▶ _Activity_: Repeat exactly the lines below from the line that contains "Cabana mai dispune" to the last line, inclusive, without the pictures.

▶ _Dataset section_:

------------

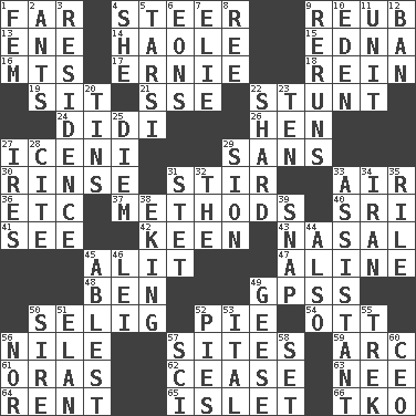 ACROSS 1. Distant 4. Bull 9. Reuben's nickname 13. Compass dir. 14. White Person, in Hawaii 15. Pulitzer Prize-winning author Ferber 16. Mountains (abbr.) 17. Bert's buddy 18. It's straight from the horse's mouth 19. Be seated 21. Compass dir. 22. Difficult or unusual or dangerous feat 24. "You Light Up My Life" star Conn 26. Layer 27. Ancient Celtic tribe of eastern Britain 29. Without 30. Remove soap 31. Disorderly outburst 33. Atmosphere 36. And so on (abbr.) 37. Modes 40. Indian title of respect (Mr.) 41. Observe 42. Peachy ____! 43. Relating to the nose 45. Set down 47. Place in a line 48. Benjamin's nick name 49. Global Positioning Systems (abbr.) 50. Major League Baseball Commissioner Bud 52. Sliced dessert 54. Baseball player Mel 56. "Death on the ____" 57. Settings 59. Curve 61. Mouths or openings 62. Desist 63. Born 64. Monthly bill 65. Small island 66. Ring climax DOWN 1. Opposite of masc. 2. Pismires 3. Dwelling 4. A female animal or person 5. Tarsus (plural) 6. Immeasurably long periods of time 7. Writer Wiesel 8. To riddle 9. Summer TV shows 10. Locale of original sin 11. A single undivided whole 12. Prohibit 20. Airtight sealed metal containers 22. Broken piece 23. Nine, plus one 25. South Vietnam president (1954) 27. Angers 28. Quote 29. The Jewish people; Israel 31. Proofreading order 32. Definite Article 33. Aide 34. SW Asia republic 35. Cause heat under the collar 38. Supplementing with great effort 39. Fastener 44. In addition 45. Most capable 46. Flowery wreath 49. Honkers 50. Title for a man of rank and authority 51. Enthusiasm 52. Sliced desserts 53. Slanted text style (abbr.) 55. Long journey 56. Not either 57. _-fi 58. Put into a specified state 60. Corporate head (abbr.)
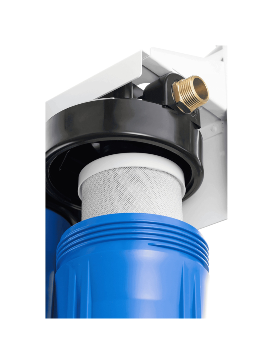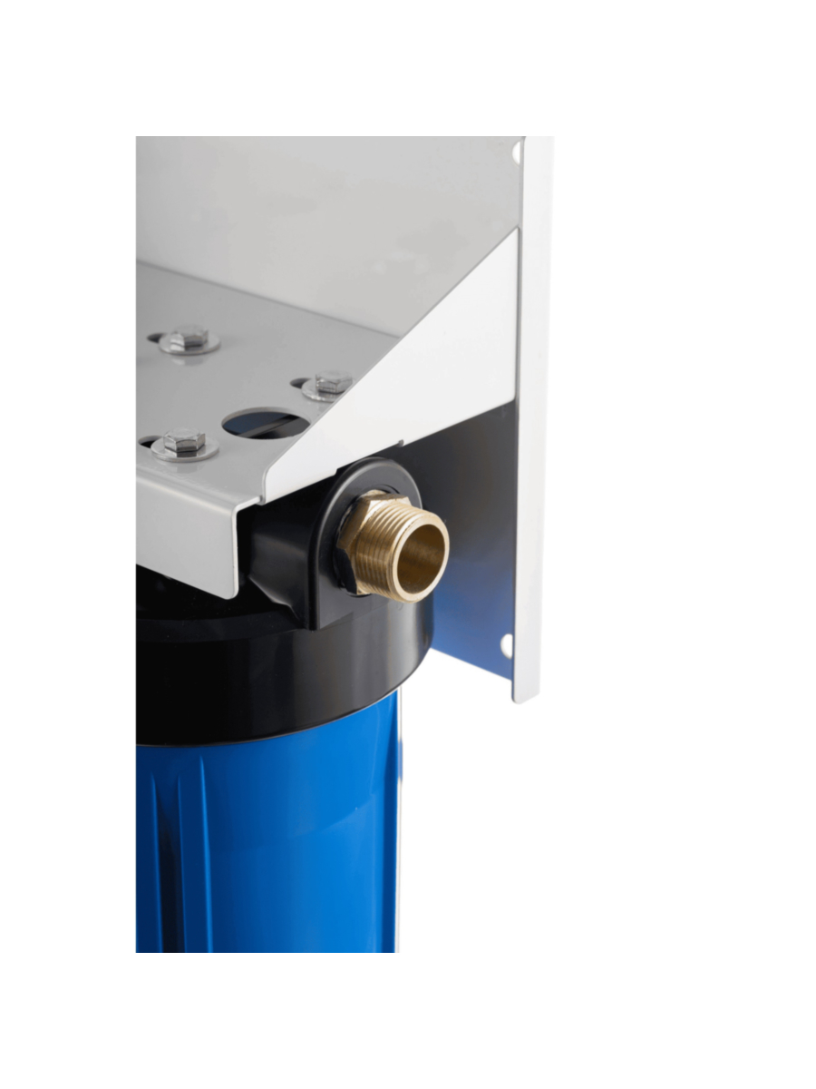 - Фильтр состоит из трех пластиковых колб формата Big Blue 10, закрепленных на металлическом кронштейне, что обеспечивает компактность и удобство монтажа.
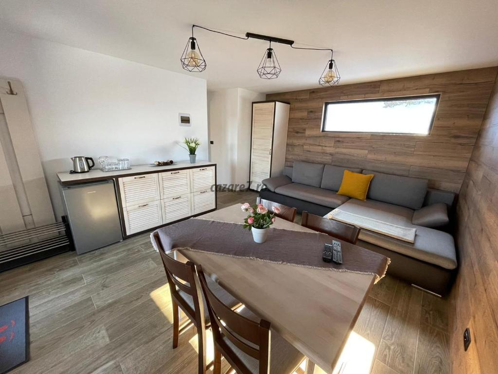 Cabana mai dispune de o sală de mese pentru 24 persoane, 1 bucatarie mai mica ambele utilate complet. (combină frigorifică, aparat de cafea, prajitor de pâine, cuptor microunde, etc. ). Loc pentru gratar si ciaun. Pentru a avea parte de o şedere deosebită vă punem la dispoziție 3 saune şi 3 ciubere care sunt incluse in pretul camerei. Camerele sunt dotate cu Tv si Wi-fi.
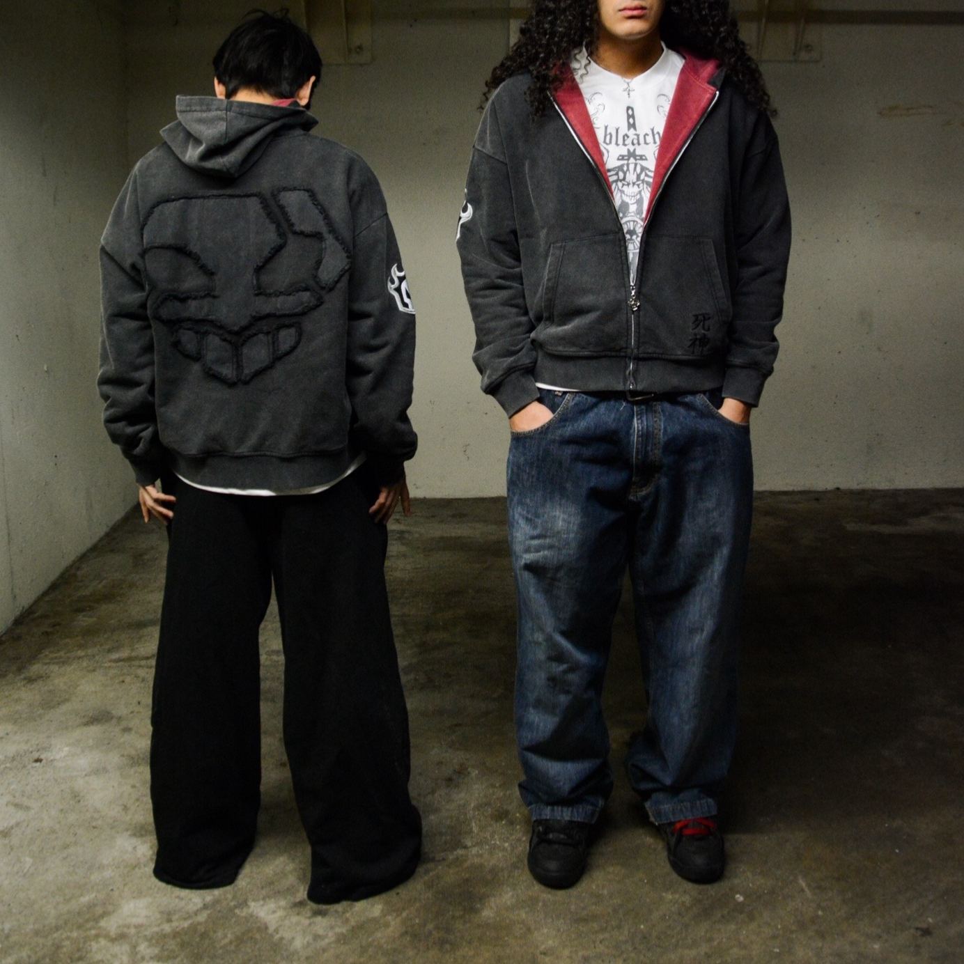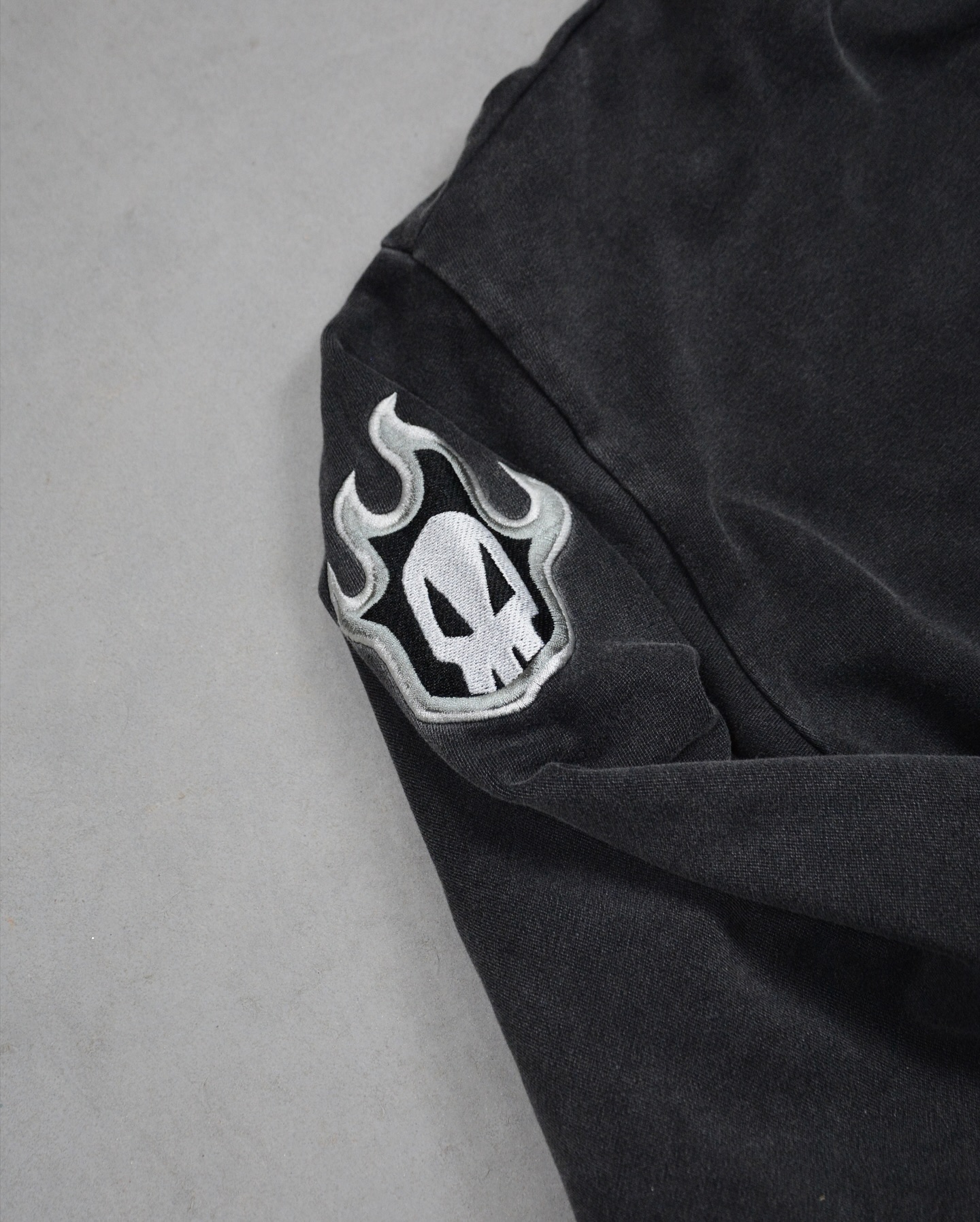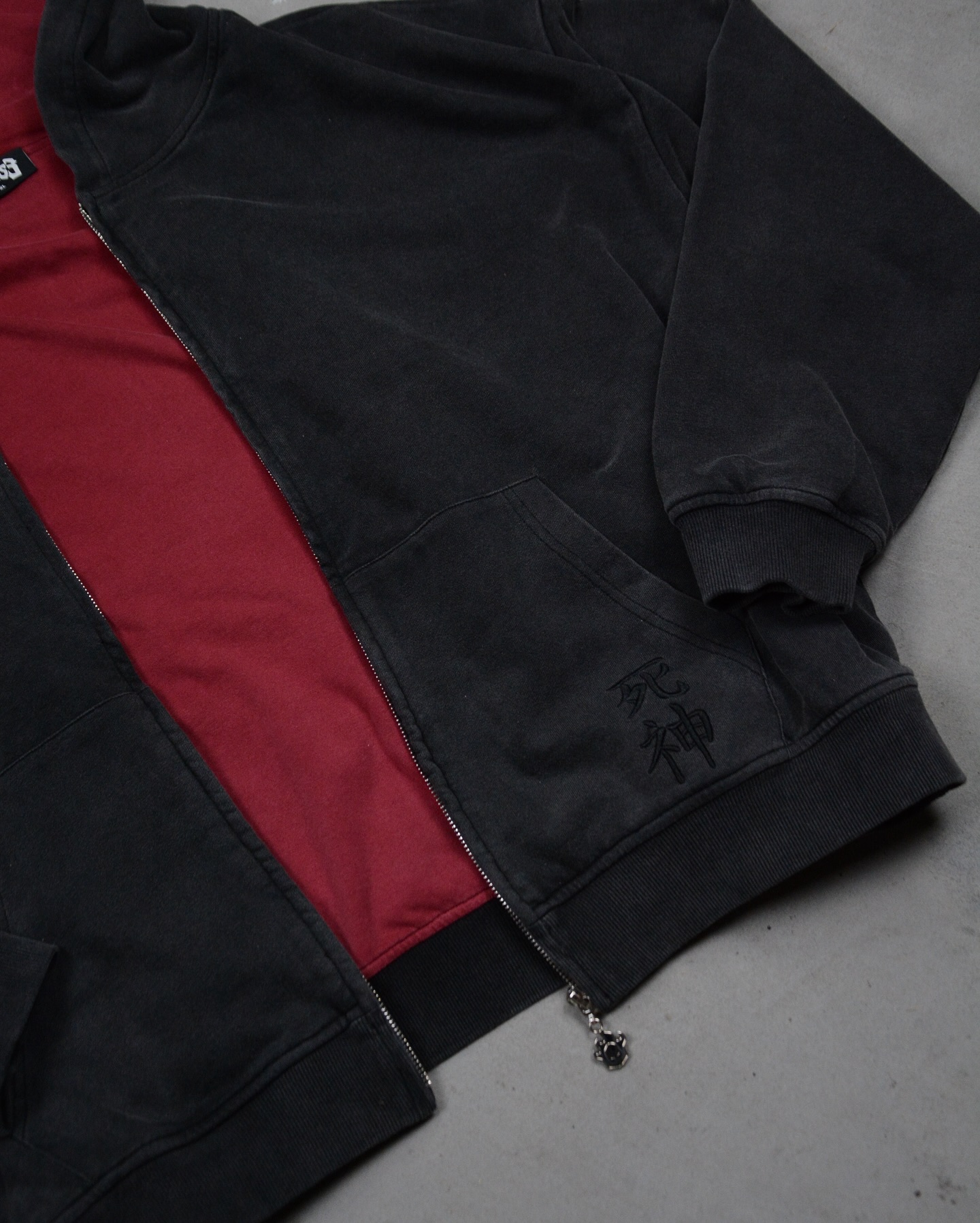“Shinigami” (死神) embroidery detail at hem

------------

▶ _Finished exercise_:
 Cabana mai dispune de o sală de mese pentru 24 persoane, 1 bucatarie mai mica ambele utilate complet. (combină frigorifică, aparat de cafea, prajitor de pâine, cuptor microunde, etc. ). Loc pentru gratar si ciaun. Pentru a avea parte de o şedere deosebită vă punem la dispoziție 3 saune şi 3 ciubere care sunt incluse in pretul camerei. Camerele sunt dotate cu Tv si Wi-fi.
“Shinigami” (死神) embroidery detail at hem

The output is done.